DoJ Files Emergency Request at Supreme Court over Abortions for Illegal Alien Children
December 22, 2017
This column by ACRU General Counsel Ken Klukowski was published December 20, 2017 by Breitbart.
WASHINGTON, DC—The Trump-Sessions U.S. Department of Justice (DoJ) filed an emergency application at the U.S. Supreme Court on Monday to block a lower court’s extraordinary order requiring the Trump administration to facilitate immediate abortions for two more illegal alien teenagers.
On October 18, Judge Tanya Chutkan issued a temporary restraining order (TRO)—an extreme measure reserved for extraordinary situations—ordering the federal government to facilitate an abortion for a teenage illegal alien at a federal facility. The U.S. Court of Appeals for the District of Columbia Circuit affirmed days later, which is not surprising given that court’s current liberal composition.
According to a DoJ filing at the Supreme Court, lawyers from the American Civil Liberties Union (ACLU) agreed not to seek an abortion before DoJ could seek emergency relief from the High Court the next morning. Instead, the ACLU allegedly broke its promise to the U.S. government and obtained an abortion shortly at 4:15 AM the morning of October 26. Outraged over this deception, the DoJ has asked the Supreme Court to discipline the ACLU lawyers involved in the case.
Now two more illegal alien teenagers have come forward, asking for the U.S. government to facilitate their abortions as well. On December 18, Chutkan granted yet another TRO, commanding the Trump administration to permit the foreign children to terminate their pregnancies immediately, without even allowing time for an appeal.

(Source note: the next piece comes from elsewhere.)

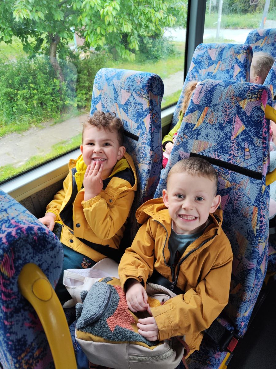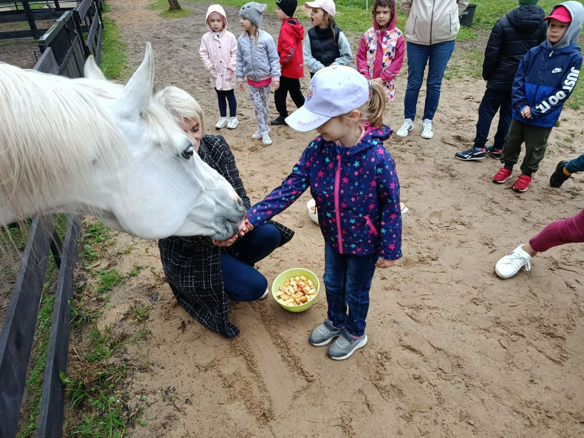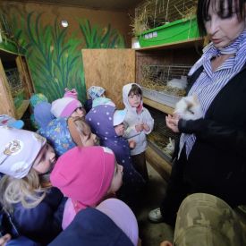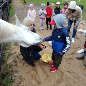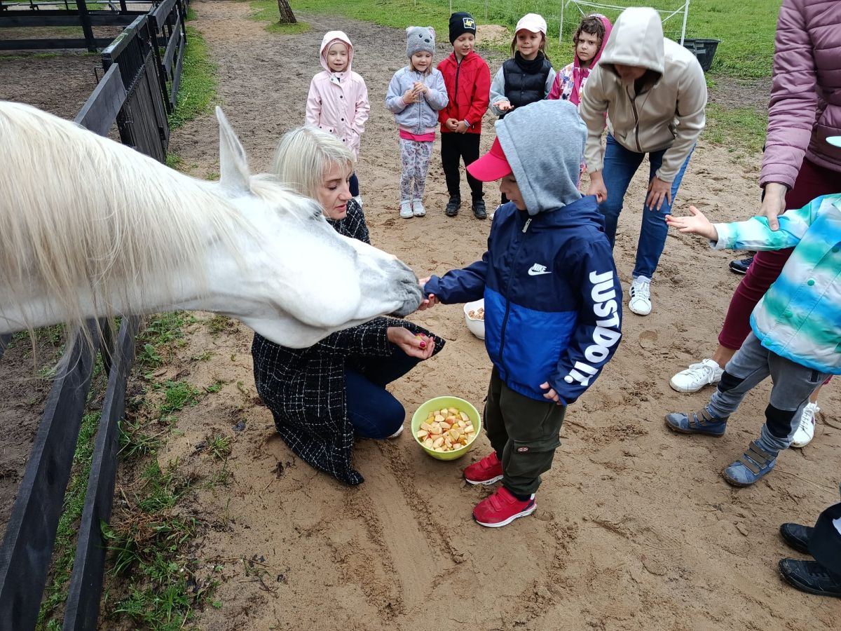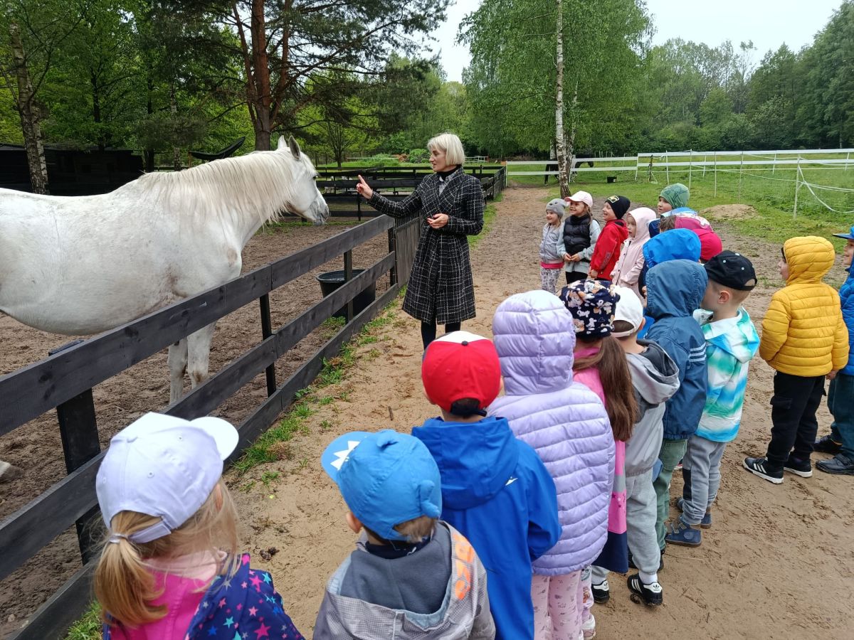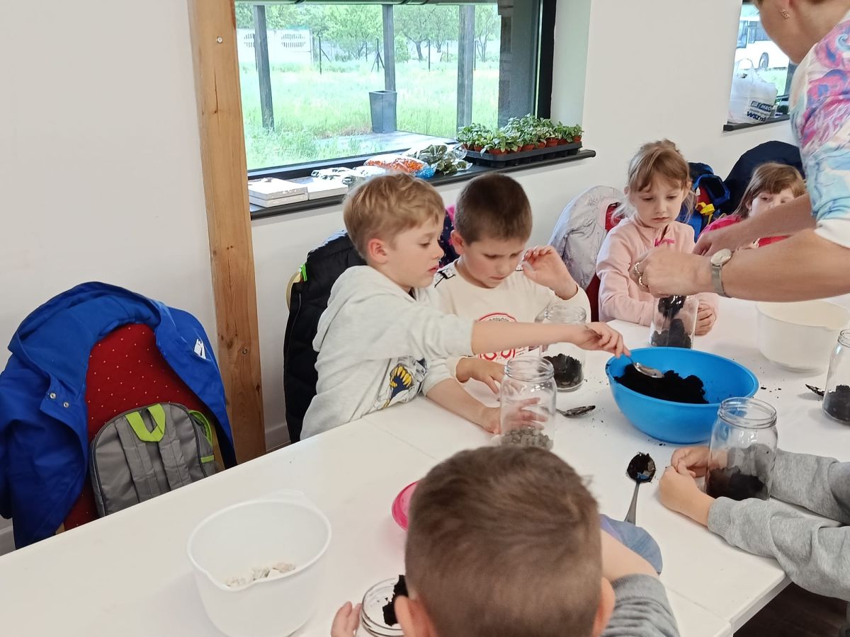 29 maja dzieci z grupy Biedronek, Żabek oraz Motylków wzięły udział w wycieczce do Zagrody Edukacyjnej Wieś. Co w Skarżysku-Kamiennej. Już sama jazda autokarem, to dla dzieci ogromna frajda. Mimo niesprzyjającej pogody wycieczka była bardzo udana i pełna atrakcji. Przedszkolaki zostały powitane przez gospodarzy pysznym drugim śniadaniem w postaci świeżutkiej chałki z dżemem truskawkowym oraz napojami. Następnie dzieci zostały zaproszone na zwiedzanie zagrody, karmienie kóz, kucyków, koni. Niektóre dzieci pierwszy raz w życiu widziały na żywo kury, kaczki, indyki, perliczki, gęsi czy króliki, które zrobiły największe wrażenie. Punktem kulminacyjnym wycieczki było wykonanie własnego lasu w słoiku, który każde dziecko zabrało do domu.

While Attorney General Jeff Sessions’ DoJ is immediately appealing that TRO to the D.C. Circuit, U.S. Solicitor General Noel Francisco is simultaneously filing emergency papers asking the U.S. Supreme Court to step in. Given the current makeup of the D.C. Circuit, it is very likely that the appellate court would refuse to grant a stay on its own, thus necessitating action by the nation’s highest court.
Emergency applications involving the D.C. Circuit go to Chief Justice John Roberts, who has jurisdiction over that court and can either act unilaterally or circulate the petition to all of his colleagues for a vote.
“This case concerns the question whether the government must facilitate an abortion procedure that is not necessary to preserve the life or health of an unaccompanied minor who unlawfully entered the country and thus is in the government’s custody,” Francisco explains in DoJ’s application.
“The answer to that question is no,” he continues. “Under this Court’s case law, the government may make decisions favoring life over abortion; it is not obligated to facilitate Ms. Roe’s procedure; and the government acts permissibly if it does not place an undue burden in her path.”
Under federal law, when an illegal alien who is not an adult enters the United States, “the U.S. Department of Health and Human Services (HHS) is normally responsible for the minor’s care and custody pending completion of the immigration proceedings.”
Solicitor General Noel Francisco threw the kitchen sink at the case with his filing to the Supreme Court, asking for no fewer than three alternative forms of emergency relief.
First, Francisco is asking for a stay pending appeal. That is, he is asking the High Court to put the TRO on hold until the D.C. Circuit rules, hoping that court reverses Chutkan. If the D.C. Circuit sides with the trial court, then DoJ asks that the stay be kept in place until the justices vote on whether to take the case up to their level.
Second, the solicitor general says the Court may alternatively treat this filing as a petition for certiorari before judgment. Although the Supreme Court almost always waits for a final decision from a federal court of appeals, Congress’ grant of jurisdiction to the nation’s highest court in 28 U.S.C. § 1254(1) extends to any case entered on the docket of a federal appeals court, even if no decision has been issued by that court. Every five or ten years, the Court will take an appellate case before judgment. The DoJ is encouraging the justices to do so here.
Third, Francisco asks at minimum for an administrative stay, which typically would last only a few days. He emphasizes that the abortion could take place at any time and is encouraging the justices to ensure that the abortions do not occur until at the least the justices have time to decide on whether to grant a longer stay that will last throughout the appeal.
The solicitor general argues that all four factors the Court looks to when considering such a stay, as Chief Justice John Roberts explained those factors in 2012 in Maryland v. King, supports granting such an unusual stay here. Foremost among those factors is that the justices are likely to take this case when they think it is ripe for final review, so granting the stay preserves the status quo long enough for the Court to decide the underlying legal question in the case.
The case is Hargan v. Garza, No. 17-654 at the U.S. Supreme Court.